24/09/2010, 09:58:59 AM

Russia can often seem surreal. Layer upon layer of history. Ivan the Terrible, Peter the Great, Lenin, Stalin, Yeltsin – and now Putin/Medvedev.

For all the oligarchic bling in all the shops, the red stars on the top of the Kremlin towers suggest Communism is still alive and the very walls of the fortress themselves seem to invite kremlinology. Who really pulls the strings? Is it the President, Medvedev, who is organising the probably accurate smearing of the Moscow mayor, which has dominated the state-run media for the last two weeks? Or is it Putin? And why are they doing it now, when mayor Luzkhov’s term runs out soon and he is barred from standing again? All too often, the labyrinthine political chicanery and the extraordinarily tight circle of the very well-heeled elite reminds one of communism, but without the ideology.

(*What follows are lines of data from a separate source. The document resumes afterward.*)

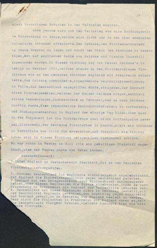 2. Nachdem Deutschland das englische Bündnisangebot abgelahnthatte,hat England die Einkreisungspolitik gegen Deutschland geleitet.5.England hat dem Kriegsausbruch zwar diplomatisch entgegengear-beitet,aber diesen Bemühungen die Spitze abgebrochen,indem es ver-tragsmäßig an Frankreich und Rußland zur Waffenhilfe gebunden war.4. Deutschland hat diese Bindungen nicht in Rechnun,_ gestellt,mitder Neutralität Englands gerechnet,den Landkrieg gegen Frankreich und Rußland gewagt,um im Seekrieg von England besiegt zu --'erden.
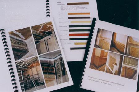 Restauratie en reconstructie 19e eeuwse decoratieve plafondschildering in voormalige Teutenwoning te Eksel , België. Gemengde technieken met 100% harsverf en olieverf.
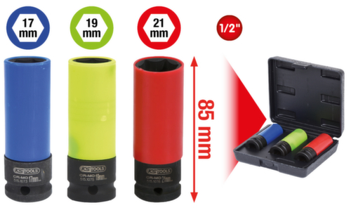 "longDescription": "Robuuste uitvoering, speciaal voor de montage of demontage van wielen, zeskantige, vierkante inbus volgens DIN 3121 / ISO 1174, lange uitvoering, voor machinaal gebruik, met kunststof bekleed voor schadevrij werken aan aluminium velgen, met kunststof inzetstuk ter bescherming van de oppervlakken van de wielbouten, kunststof huls verwisselbaar, kleurcodering naar sleutelmaat, gefosfateerd, chroom-molybdeen, in robuuste kunststof koffer<br>",

At the heart of the parabola of surrealism lies the legal system. Torture is endemic according to Amnesty International. Many prisons would be better termed ‘penal colonies’ or indeed ‘gulags’. Thousands are infected with HIV and have little or no medical care. And the criminal justice system is regularly used to settle political scores.

I went to see one such case this Monday.  The courtroom, on the third floor of a tired Moscow building, was tiny, panelled with cheap varnished plywood, its parquet flooring scuffed by decades of rearrangements of the furniture. At the front, a dais with the double-headed Romanov eagle and the flag of the Russian Federation limply hanging from a thumb tack and a piece of sellotape. To the left a sort of tank, made of reinforced glass and chunky steel, in which stood the two defendants, Platon Lebedev and Mikhail Khodorkovsky.